Really Good Exposure is a one-woman show, a decade in the making; about a woman’s journey from child stardom to sex work…
Actor, writer and sex-work advocate Megan Prescott is to bring her critically acclaimed solo play Really Good Exposure to Soho Theatre, after a highly successful run at the 2024 Edinburgh Fringe Festival and sell out performances at Soho Rising Festival in February 2025.
After charming and alarming viewers in equal measure as red-haired twin Katie Fitch in Generation II of Channel 4’s Skins, Megan Prescott found herself needing to explore myriad occupations to keep the rent money coming in as she auditioned for new roles.
Desperate to continue acting, Megan worked as a nanny, a bartender, a bodybuilder, a gin distillery tour guide and a children’s entertainer in order to support herself in the decade following her Skins debut. But, as the cost of living crept ever higher and the jobs flexible enough to fit around auditions stopped paying enough to cover basic expenses, Megan started working as a stripper and subsequently an OnlyFans content creator.
Megan Prescott:
“I am immensely proud to use my own lived experience of these industries to highlight the inconsistencies of how we treat workers based on outdated societal stigma and our own internal bias. We’ve been inundated with portrayals of sex work in the media, often in projects that had absolutely no input from sex workers themselves. We’ve also seen a number of news stories and documentaries come out recently which highlight the ugly side of the acting industry, but actors aren’t often able to speak out for fear of being ostracised and losing work.”
It was this last part of the journey, and the attention and risk of social stigma – and the much-needed income which funded Megan taking her show to the Fringe in the first place – that came with it, that formed the inspiration for her debut Edinburgh Fringe show, Really Good Exposure.

The show builds on Megan’s life experience to tell the story of Molly Thomas, a fictional former child star whose career peaked in her teens. Molly, is approaching 30, in a bad place financially and has a career that never quite regained the dizzying heights of her teenage triumphs. Molly is skint. Molly is considering getting into porn. What happened in the intervening years to lead Molly down such a…well, unexpected path?

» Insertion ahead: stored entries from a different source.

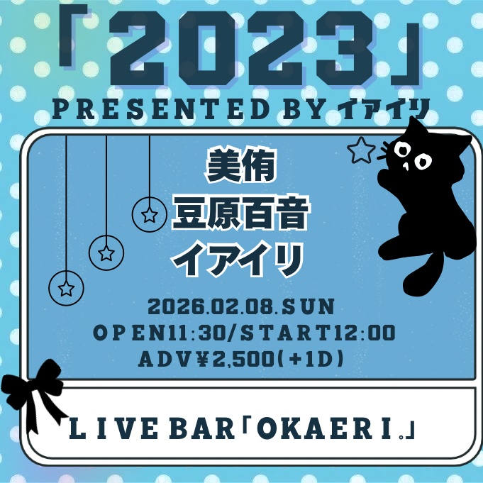 2023 SCHEDULE 2026/02/08(日) Live bar.「OKAERI。」 OPEN 11:45 / START 12:00 ADV. ¥2500(+1D) 2番手12:35から URLをコピーする 報告する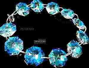 Kryształowe oktagony w przepięknym kolorze: Blue Aurora (niebieski tęczowy opalizujący). Kryształy pięknie mienią się na świetle. Zależnie od tła przybierają różnych barw. Na ciemnym są niebiesko-błękitne, na jasnym subtelnie pomarańczowe.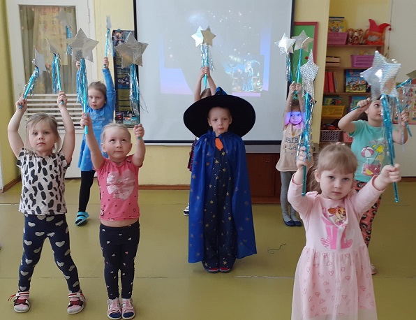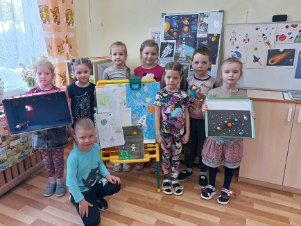 В средней группе "Берёзка" (воспитатель Артемьева Е.Ю.) прошел мастер-класс "Ракета", также дети составляли небесные звезды из разных материалов - счетных палочек и цветных пуговиц, на музыкальном занятии (музыкальный руководитель иванова-Плинкоева З.Н.) смотрели мультфильм "Моя планета".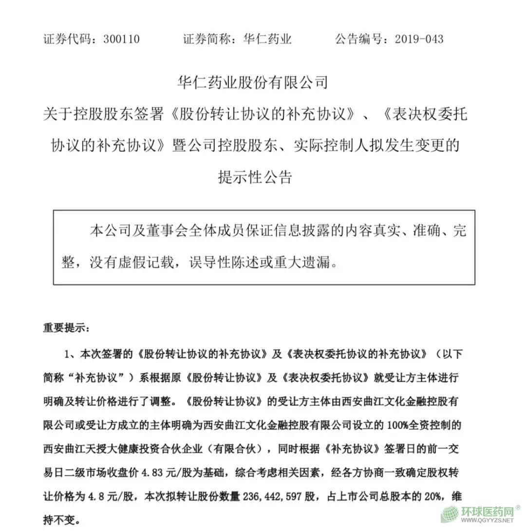 近日,華仁藥業(yè)發(fā)布公告《關(guān)于控股股東簽署《股份轉(zhuǎn)讓協(xié)議的補(bǔ)充協(xié)議》、《表決權(quán)委托協(xié)議的補(bǔ)充協(xié)議》暨公司控股股東、實(shí)際控制人擬發(fā)生變更的提示性公告》。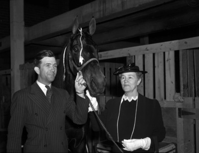 Southwestern Exposition and Fat Stock Show contestant "Bourbon Rex", owned by Walter H. Gant of Admore, Oklahoma with Mrs. W. H. Bowen of El Paso, Texas, and Paul Fagan, trainer for Mr. Gant. Both Mrs. Bowen and Fagan are seen standing inside a barn holding the straps of the winning horse.

And what, if anything, is waiting at the end of that path for her to find?
Body shaming, peer pressure, mental health stigma, victim blaming and socially accepted sexual harassment were all things that millennial girls could look forward to growing up. The ‘child star to train wreck’ narrative sold newspapers and got clicks online; lots of people made a lot of money from the public rise and fall of these children. But all that comes with the territory – doesn’t it?
Examining the ways in which we treat those who are paid to perform, and why some types of performance are celebrated while others are demonised, Really Good Exposure follows Molly from a child, idolising teen-bride Disney princesses, to a teenager, let loose unchaperoned in a pre-#MeToo world of child stars, to strip clubs and casting couches, to the present-day choices Molly is faced with. Though she has always been paid to perform, Molly will find out how some types of performance are viewed very differently…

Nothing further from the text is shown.